**What you are asked to do**
Whenever a line of the data below holds the string "School", copy that line.

Stored entries
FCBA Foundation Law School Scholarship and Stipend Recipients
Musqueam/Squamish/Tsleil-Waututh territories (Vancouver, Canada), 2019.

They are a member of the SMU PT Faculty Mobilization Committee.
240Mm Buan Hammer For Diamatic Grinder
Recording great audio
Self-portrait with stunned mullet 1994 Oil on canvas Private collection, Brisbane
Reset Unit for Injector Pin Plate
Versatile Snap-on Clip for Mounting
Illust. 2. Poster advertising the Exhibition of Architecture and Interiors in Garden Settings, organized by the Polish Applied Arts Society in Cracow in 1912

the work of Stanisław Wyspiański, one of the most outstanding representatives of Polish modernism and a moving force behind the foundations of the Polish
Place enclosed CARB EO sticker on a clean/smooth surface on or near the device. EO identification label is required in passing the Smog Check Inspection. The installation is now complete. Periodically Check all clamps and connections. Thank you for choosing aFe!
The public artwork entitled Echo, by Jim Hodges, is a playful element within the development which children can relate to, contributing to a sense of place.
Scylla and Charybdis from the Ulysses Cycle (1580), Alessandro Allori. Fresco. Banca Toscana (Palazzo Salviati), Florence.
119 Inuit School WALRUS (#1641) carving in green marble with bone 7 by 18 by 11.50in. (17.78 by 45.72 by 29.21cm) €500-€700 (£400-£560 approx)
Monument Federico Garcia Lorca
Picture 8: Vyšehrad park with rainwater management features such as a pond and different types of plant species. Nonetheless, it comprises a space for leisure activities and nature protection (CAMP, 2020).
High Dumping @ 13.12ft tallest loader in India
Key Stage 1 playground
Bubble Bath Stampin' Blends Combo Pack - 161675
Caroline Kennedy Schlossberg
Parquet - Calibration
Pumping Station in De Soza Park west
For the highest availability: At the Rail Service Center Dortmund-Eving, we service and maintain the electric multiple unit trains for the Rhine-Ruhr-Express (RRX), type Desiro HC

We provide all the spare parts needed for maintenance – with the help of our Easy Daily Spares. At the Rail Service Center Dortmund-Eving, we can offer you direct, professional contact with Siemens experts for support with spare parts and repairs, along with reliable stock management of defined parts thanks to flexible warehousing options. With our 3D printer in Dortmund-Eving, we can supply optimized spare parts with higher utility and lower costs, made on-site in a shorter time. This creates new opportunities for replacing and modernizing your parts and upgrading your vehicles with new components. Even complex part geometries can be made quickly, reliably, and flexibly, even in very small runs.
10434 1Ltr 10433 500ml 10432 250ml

**Answer for this exercise**
FCBA Foundation Law School Scholarship and Stipend Recipients
119 Inuit School WALRUS (#1641) carving in green marble with bone 7 by 18 by 11.50in. (17.78 by 45.72 by 29.21cm) €500-€700 (£400-£560 approx)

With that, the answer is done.